--- SUPPLIED DATA ---
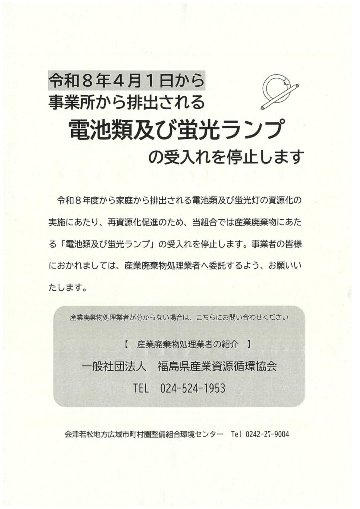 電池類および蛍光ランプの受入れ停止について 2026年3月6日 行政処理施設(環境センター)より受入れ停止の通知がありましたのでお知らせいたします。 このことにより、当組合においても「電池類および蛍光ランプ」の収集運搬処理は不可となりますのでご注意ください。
---
--- SUPPLIED DATA ---
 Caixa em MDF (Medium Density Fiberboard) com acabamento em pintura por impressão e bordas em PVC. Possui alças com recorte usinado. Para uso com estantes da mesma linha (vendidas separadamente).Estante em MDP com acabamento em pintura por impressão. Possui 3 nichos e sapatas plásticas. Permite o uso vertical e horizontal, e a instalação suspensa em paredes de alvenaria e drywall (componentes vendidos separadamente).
---
--- SUPPLIED DATA ---
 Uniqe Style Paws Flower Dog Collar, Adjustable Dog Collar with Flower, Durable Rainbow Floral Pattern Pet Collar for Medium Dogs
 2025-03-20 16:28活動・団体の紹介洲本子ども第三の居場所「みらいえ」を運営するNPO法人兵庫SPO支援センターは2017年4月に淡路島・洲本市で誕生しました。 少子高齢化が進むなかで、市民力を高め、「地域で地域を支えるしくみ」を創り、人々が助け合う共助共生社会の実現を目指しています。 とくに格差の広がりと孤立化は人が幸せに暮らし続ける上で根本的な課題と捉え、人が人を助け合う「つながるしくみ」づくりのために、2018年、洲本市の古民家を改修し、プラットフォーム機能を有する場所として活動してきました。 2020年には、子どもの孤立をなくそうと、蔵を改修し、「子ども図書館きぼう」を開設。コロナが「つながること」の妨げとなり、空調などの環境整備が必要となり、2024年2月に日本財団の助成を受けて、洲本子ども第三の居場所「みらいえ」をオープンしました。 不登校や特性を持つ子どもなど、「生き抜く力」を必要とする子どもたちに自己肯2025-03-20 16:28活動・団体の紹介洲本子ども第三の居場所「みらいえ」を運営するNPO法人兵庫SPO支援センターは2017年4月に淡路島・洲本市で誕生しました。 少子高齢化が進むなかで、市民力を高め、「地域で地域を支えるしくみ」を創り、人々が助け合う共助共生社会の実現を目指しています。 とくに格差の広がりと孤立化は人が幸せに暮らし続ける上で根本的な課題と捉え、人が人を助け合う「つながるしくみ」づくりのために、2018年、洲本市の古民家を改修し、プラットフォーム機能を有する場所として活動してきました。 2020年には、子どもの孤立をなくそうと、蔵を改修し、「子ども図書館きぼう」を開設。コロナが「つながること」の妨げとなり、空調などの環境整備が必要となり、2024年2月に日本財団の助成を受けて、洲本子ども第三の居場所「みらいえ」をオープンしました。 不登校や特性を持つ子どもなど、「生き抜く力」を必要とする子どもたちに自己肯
---
__PROBLEM TO SOLVE__
I would like the number of lines in the material above that contain the string "Medium", with no other words in the reply.

__EXERCISE SOLUTION__
2